::: Record excerpts :::
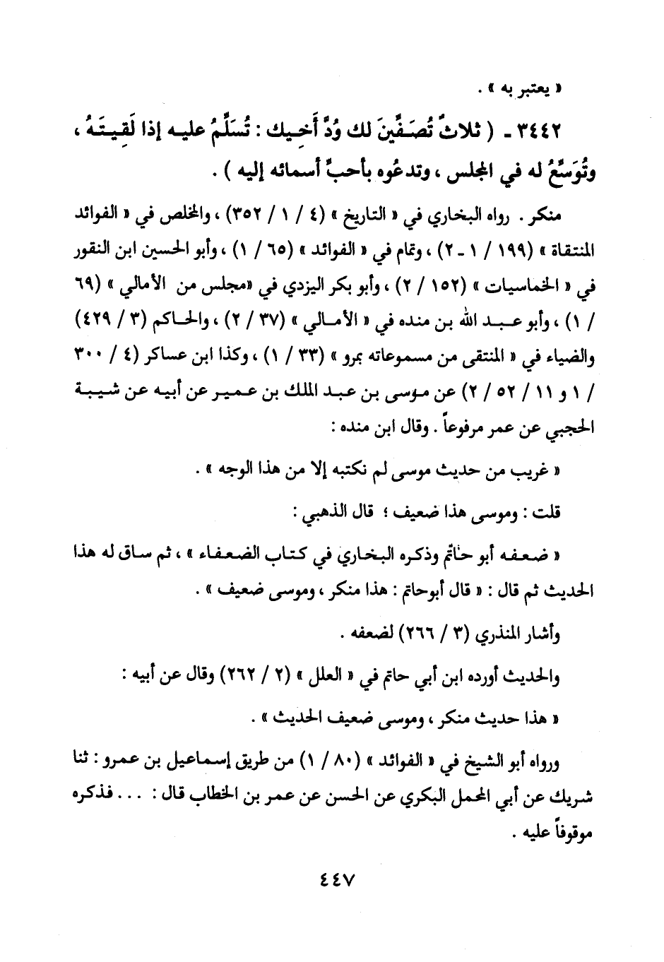 3442 - (ثلاث تُصَفِّينَ لك وُدَّ أخيك: تسلم عليه إذا لقيته، وتوسع له في المجلس، وتدعوه بأحب أسمائه إليه) .
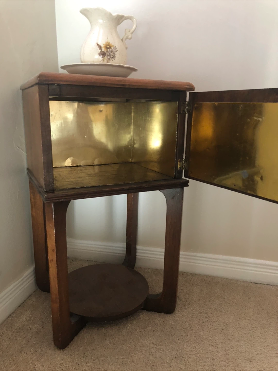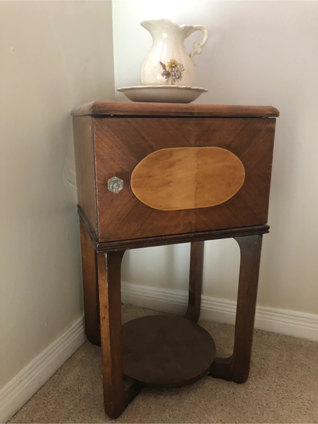 Selling a lovely vintage wooden side table. It features a unique design with a storage compartment inside. The table has a warm, classic look that would complement any room. Perfect for adding a touch of vintage charm to your home!
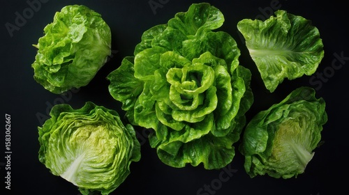 Fototapeta premium Fresh green lettuce heads and leaves arranged artfully against a dark backdrop
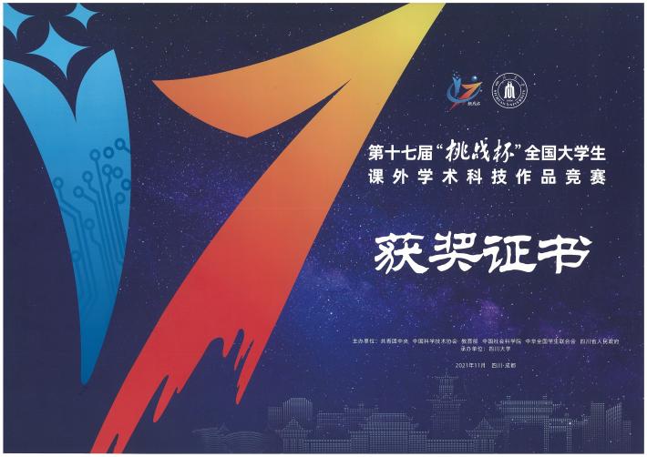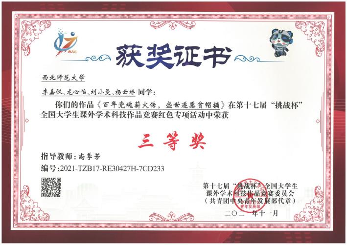 为献礼建党百年,赓续红色精神,2021年11月,由共青团中央、中国科学技术协会、教育部、中国社会科学院、中华全国学校学生联合会、四川省人民政府共同主办的第十七届“挑战杯”全国大学生课外学术科技作品竞赛红色专项活动在成都落幕,由天游线路官网尚季芳教授指导,李嘉仪、龙心怡、刘小曼、杨云婷同学参加的作品《百年党魂薪火传,盛世遂愿贫帽摘》荣获三等奖。
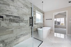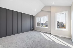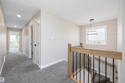 Welcome to this beautiful 2168 SQFT award winning OXFORD model by BLACKSTONE HOMES in Cherot, in St. Albert offering the exceptional architectural & magnificent PARIS Playground making this neighbourhood unique. This model won the best home with BILD awards 2024. As you enter, you will be impressed by the huge foyer, main floor den, dining room with bar, great room offering open to below 18 feet ceiling, linear fireplace with tiles/wood finish, chef's dream kitchen offering fridge/freezer combo, soft closing cabinets with huge island, built in appliances, much needed mudroom with built ins & bench. On 2nd floor you will find 3 bedrooms, 2 baths, laundry room, bonus room overlooking the great room. Master bedroom offers luxury ensuite with double sink, frameless upgraded shower, stand alone tub & huge WIC. Other features - 9' main/basement ceiling, Seprate entrance, upgrade quartz , MDF Shelving, black plumbing & fixtures, rear deck & New Home Warranty. Close to all amenities and Ray Gibbons Dr.
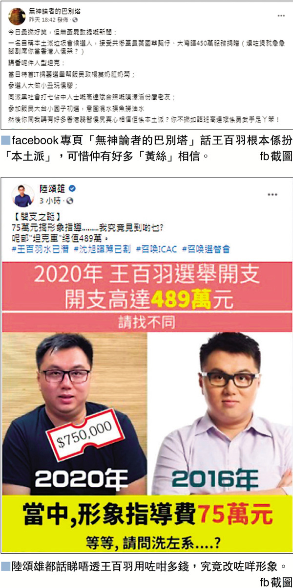 帖文仲話,王百羽曾經參加被攬炒派稱為「小圈子選舉」嘅選舉委員會界別分組選舉,仲成功當選選舉委員,佢喺2017年更獲選為第十三屆港區全國人大代表選舉團成員,真係點睇都唔似「本土派」,所以佢今次參加「飯民」大台小圈子「初選」,只係混水摸魚撈油水,可惜好多「黃絲」都信佢係「本土派」。
:::
• [The problem]: Write out exactly the lines above between the one with "Fototapeta premium Fresh" and the one with "为献礼建党百年,赓续红色精神", inclusive, with pictures left out.

• [Worked solution]:
 Fototapeta premium Fresh green lettuce heads and leaves arranged artfully against a dark backdrop
 为献礼建党百年,赓续红色精神,2021年11月,由共青团中央、中国科学技术协会、教育部、中国社会科学院、中华全国学校学生联合会、四川省人民政府共同主办的第十七届“挑战杯”全国大学生课外学术科技作品竞赛红色专项活动在成都落幕,由天游线路官网尚季芳教授指导,李嘉仪、龙心怡、刘小曼、杨云婷同学参加的作品《百年党魂薪火传,盛世遂愿贫帽摘》荣获三等奖。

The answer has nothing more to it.